The oldest widely accepted evidence of life on Earth is in Western Australia, where Allwood and other researchers revealed cone-shaped structures created by microbes in 3.5 billion-year-old rocks. A decade later, in 2016, she and others were surprised when scientists reported seeing similar structures in Greenland, in rocks some 200 million years older that had suffered much more heating and deformation under pressure during some of Earth's earliest days.
"The preservation of those in such deformed rocks seemed incredible," Allwood says. "And in fact, it was. It wasn't credible."
That was her conclusion after visiting the site in Greenland to collect samples of the rock. She immediately noticed that some of the structures were upside down, in a configuration that wasn't possible if they had been created by communities of microbial life growing upward from the sea floor.
Allwood took samples of the rock back to the lab to map the structures' chemical composition with a prototype of an instrument called PIXL. It's a tool NASA will send to Mars in 2020, to look for evidence of past life on the red planet. She and her colleagues found that the supposed fossils don't have the kind of distinctive lamination seen when microbes build up minerals like a stack of pancakes. Instead, Allwood says, it looks more as though the Toblerone rock structure formed, and then other minerals later seeped into it from the outside.
All of this is vigorously disputed by the researchers who originally claimed that the Greenland rocks contained the world's oldest fossils. They stand by that claim and say that Allwood and her colleagues based their work on just a cursory, one-day visit to the site.
"This is a classic 'comparing apples and oranges' scenario, leading to the inevitable outcome that ours and their observations do not exactly match," Allen Nutman of the University of Wollongong in Australia notes in a written statement.

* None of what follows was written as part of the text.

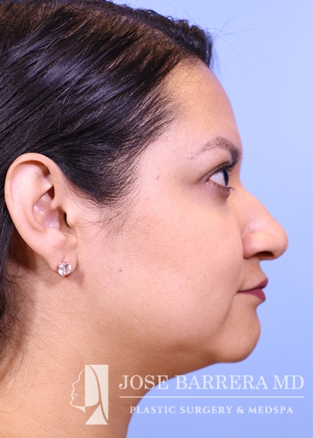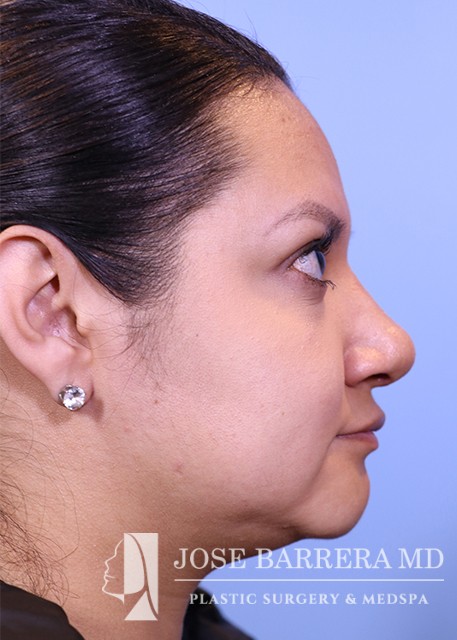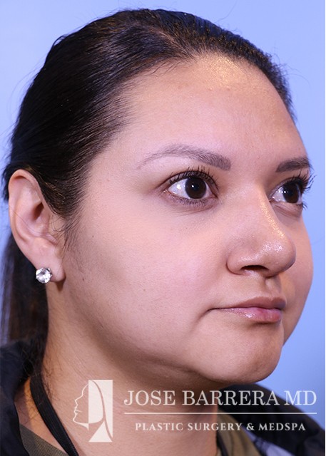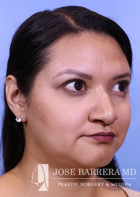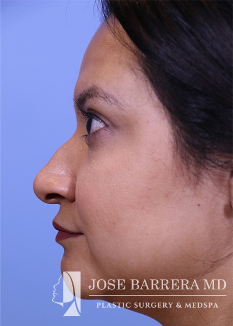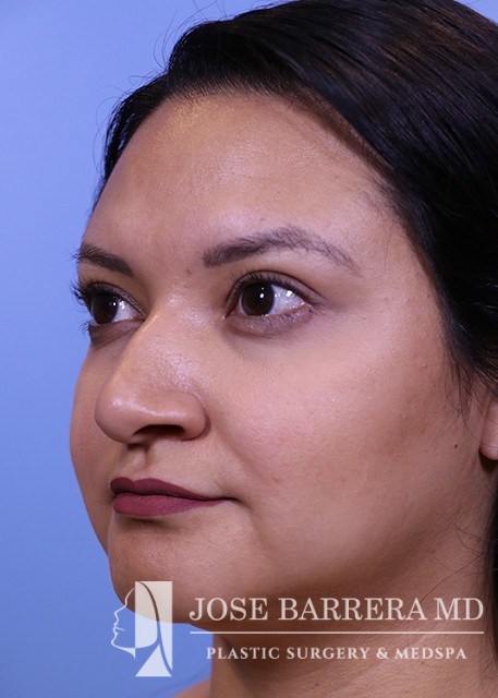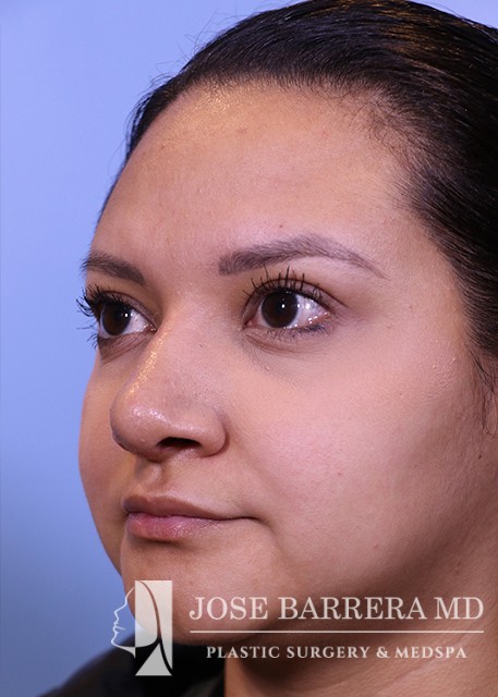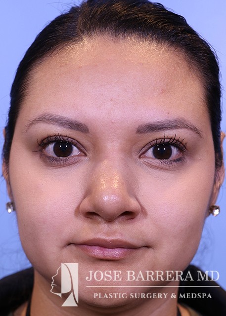 28-year-old female for rhinoplasty. She is concerned about a nasal hump and widening of her nasal tip. She has a deviated septum and some obstruction from her nose. She would like to have this repaired. She has done extensive research into rhinoplasty and wants improvement in dorsum and elevation of her nasal tip. Bilateral spreader grafts were placed between the upper lateral cartilages and septum. A thicker spreader graft was placed on the left side to compensate for the depressed midvault. This with the upper lateral cartilages were resecured to the septum with multiple 5-0 prolene and 4-0 PDS mattress sutures. An incision was made along the pyriform aperture and the skin and soft tissue was elevated off the maxilla and nasal bones. Lateral incomplete osteotomies were then performed to narrow the upper vault. The domes of the lower lateral cartilages were divided and the caudal septum exposed. A caudal extension graft was placed to rotate up the tip and provide support. This was secured to the nasal spine and caudal septum with 4-0 PDS. We then moved to tip refinements. Cephalic trims of the lower lateral cartilages were done leaving 8 mm lateral crural struts. Dome spanning sutures were placed to create tip defining points, and lateral crural steal techniques used to create more rotation. Lateral crural tension was then placed to approximate and secure the domes and flatten the lateral crura. Columellar strut was placed to provide even more rotation.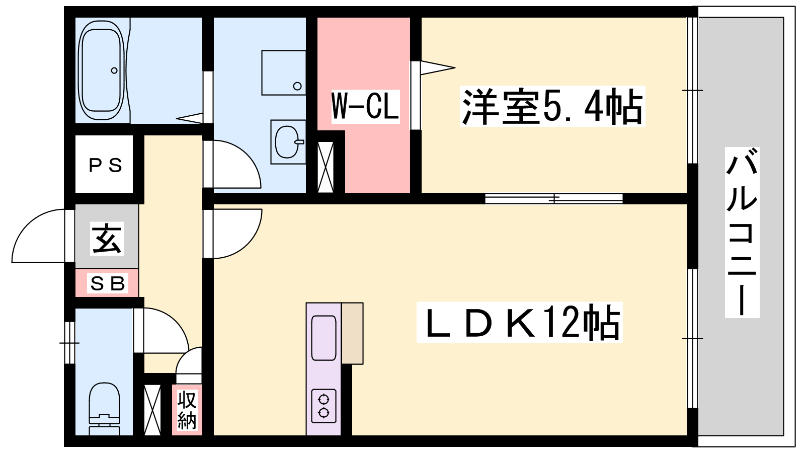 - LDK12帖、洋室5.4帖

Vickie Bennett, of the Australian National University, added that she found the new study "disappointing" and "unfortunate" in that it "only serves to confuse" the earlier research that she and her colleagues did on these ancient rocks.
"Basically they did not look at the same rocks — and the details matter," Bennett told NPR in an email. In her view, the rocks in the current study are a "poor-cousin equivalent to the rocks of our original study" and the new analysis "was not conducted with care."
But Allwood rejects those assertions, noting that she sampled rock within 1 meter of the original sampling site.
She also points out that Nutman recently maintained that Allwood's group had indeed sampled the well-preserved material — because he had complained that too much of "the key outcrop" had been taken by other researchers and wasted. Allwood says that her team collected their samples carefully and with the permission and guidance of Greenland's Ministry of Mineral Resources. She hopes to return next year with additional colleagues.
"I have a hard time imagining that anyone who sees those rocks is going to be able to argue that structural deformation isn't at least a strong possibility for why those rocks look the way that they do," Hurowitz says. "I hope that people will look at this and say, 'Well, this is science doing what it is supposed to do.' We're supposed to test people's hypotheses and see if they hold up under scrutiny."
Mark van Zuilen, at the Institut de Physique du Globe de Paris, wrote a commentary on this new work. He was not a member of either research team and points out that the rocky outcrop in Greenland "has not been discovered for long, and few researchers have studied this rock in relation to its geological surroundings."
Van Zuilen says more research could lead to a better understanding of all the forces that shaped it.